Pour une publicité, un contenu de marque ou une capsule pédagogique, cette contrainte était rédhibitoire. On ne peut pas raconter une histoire si le protagoniste change de visage entre deux scènes. La fonctionnalité de référence de personnage — proche dans l'esprit des « cameos » déjà proposés dans l'app grand public Sora — s'attaque directement à ce verrou côté API, donc côté production professionnelle.
Le prix : la 1080p a un coût, et il faut le connaître
OpenAI facture les générations en 1080p sur sora-2-pro à 0,70 $ par seconde. Un plan de 20 secondes en haute définition revient donc à 14 $, avant même de compter les itérations nécessaires pour obtenir le bon rendu.
Pour un usage social ordinaire, le modèle standard reste nettement moins cher, autour de 0,10 $ par seconde. La leçon pour qui budgète un projet : la 1080p et les formats longs sont réservés aux plans qui en ont vraiment besoin, pas à toute la production.
À qui ça s'adresse vraiment
Cette mise à jour vise clairement les agences de communication, les équipes marketing et les créateurs de contenu qui produisent en volume, pas l'utilisateur qui génère un clip amusant pour les réseaux sociaux. Le Batch API et les personnages réutilisables sont des fonctionnalités de production, pas de démo.
Pour une PME ou une agence française, l'opportunité concrète est là : produire des séries de vidéos publicitaires cohérentes — même mascotte, même porte-parole virtuel, même univers visuel — sans repasser par un tournage complet à chaque déclinaison. Le calcul économique reste à faire au cas par cas, mais le verrou technique qui empêchait ce cas d'usage vient de sauter.
Une course engagée avec Google et Runway
OpenAI n'avance pas seul sur ce terrain. Google pousse Veo dans ses propres outils créatifs et dans Vertex AI, avec un argument similaire de cohérence narrative sur plusieurs plans. Runway, de son côté, cible depuis plus longtemps les studios et les monteurs professionnels avec des fonctions de contrôle fin de la caméra et du mouvement.

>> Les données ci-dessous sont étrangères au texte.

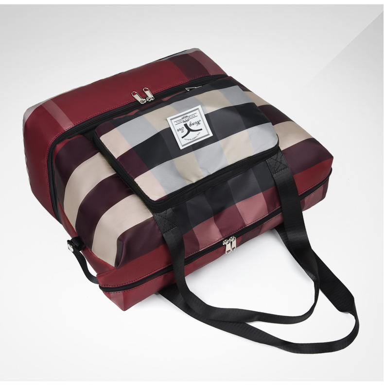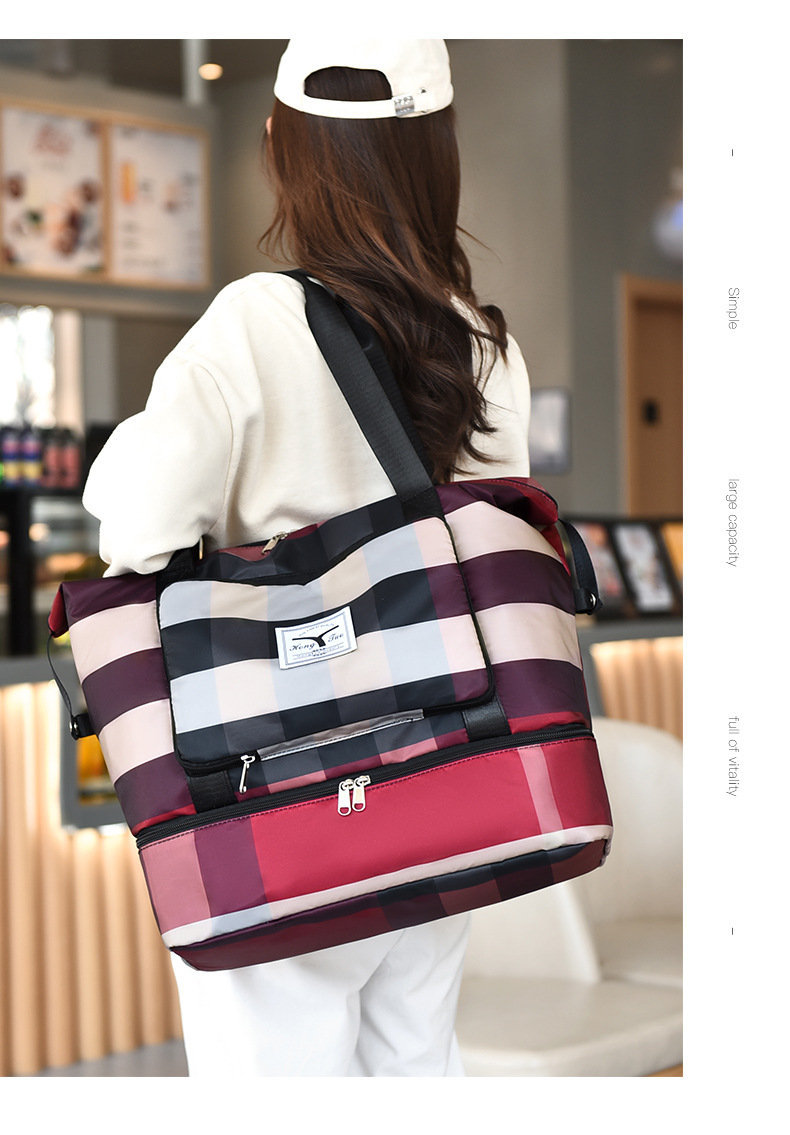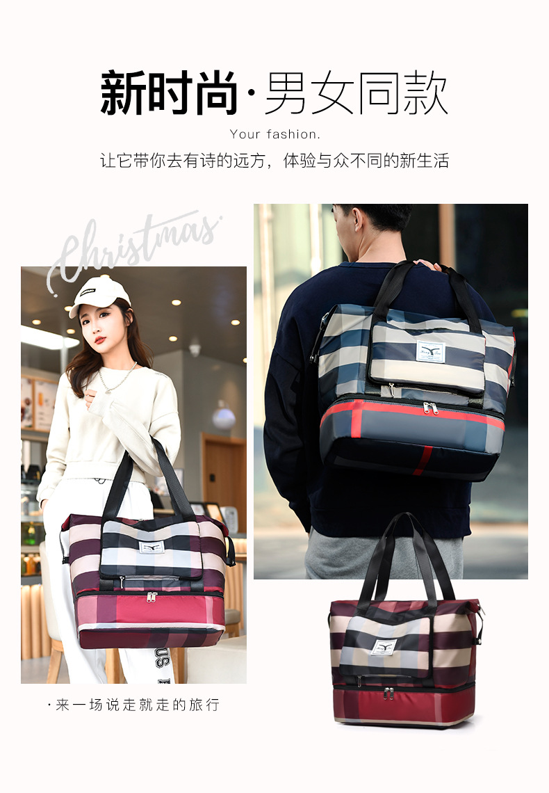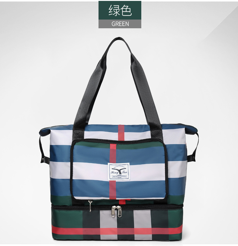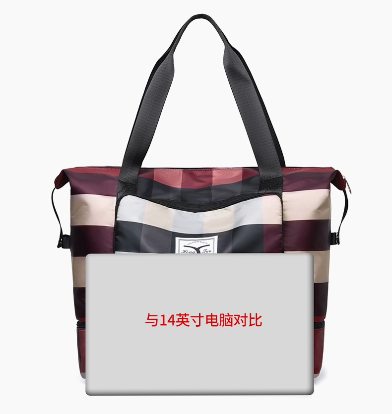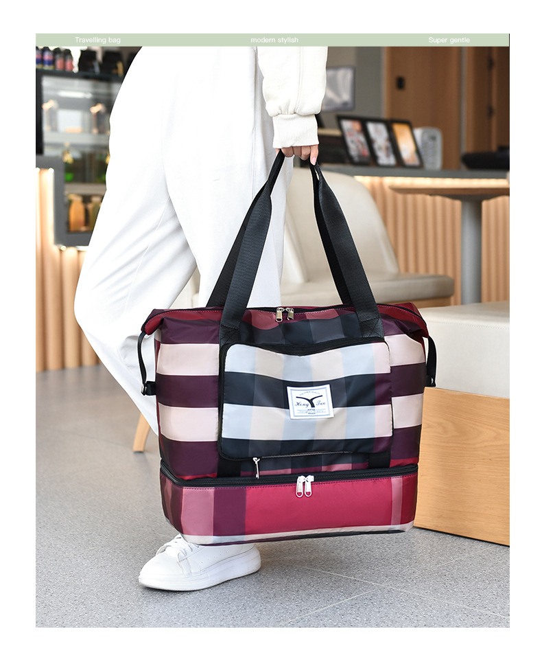 격자 무늬 접이식 여행 가방 유행 싱글 숄더 대용량 피트니스 가방 여행 단거리 더플 백 휴대용 보관 가방
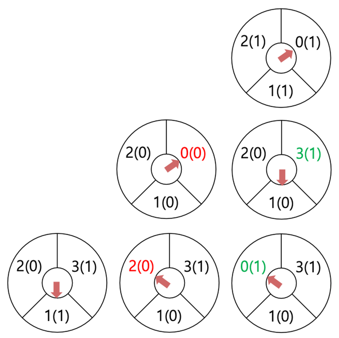 페이지가 처음 메모리에 적재되면 reference bit는 1로 설정됩니다. 이후 메모리 공간이 부족하여 어떤 페이지를 쫓아내야하는 상황이 발생하면, 바늘이 시계방향으로 돌면서 reference bit가 0인 페이지를 찾습니다. 이 때 reference bit이 1인 페이지를 만난다면 0으로 바꿔줍니다. 0인 페이지를 만나면 그 페이지를 swap space로 쫓아내고, 그 자리에는 swap in 된 페이지가 들어옵니다. 만약 메모리에 적재된 페이지에 재접근한다면 reference bit를 1로 만들기 때문에 최근에 접근한 페이지가 eviction 대상에서 빠져나갈 수 있습니다.

La bataille ne se joue donc plus seulement sur la qualité brute d'un plan isolé — tous les modèles sérieux du marché savent désormais produire des images impressionnantes. Elle se joue sur la capacité à enchaîner plusieurs plans cohérents à un coût prévisible, ce qui est précisément le terrain que cette mise à jour de l'API Sora vient occuper.
Mon analyse
Ce que je retiens de cette mise à jour, c'est qu'OpenAI arrête de vendre Sora comme un jouet et commence à le calibrer comme un outil de production. La différence entre un gadget qui impressionne trente secondes et un outil qu'une agence intègre dans son pipeline, c'est exactement ce type de détail : la cohérence, la durée exploitable, le support batch.
Je reste prudent sur un point : la cohérence « automatique » d'un personnage sur plusieurs générations reste un problème difficile, et les promesses marketing sur ce terrain ont souvent déçu à l'usage. Avant de bâtir une campagne entière dessus, mieux vaut tester sur un cas réel, avec le budget en tête — 14 $ la seconde de plan haute définition, ça grimpe vite sur une série de vidéos.
Reste que la direction est la bonne. La vidéo générative ne deviendra un outil professionnel sérieux que le jour où elle cessera de surprendre pour commencer à être fiable. Cette mise à jour de l'API Sora est un pas dans cette direction, pas encore l'arrivée.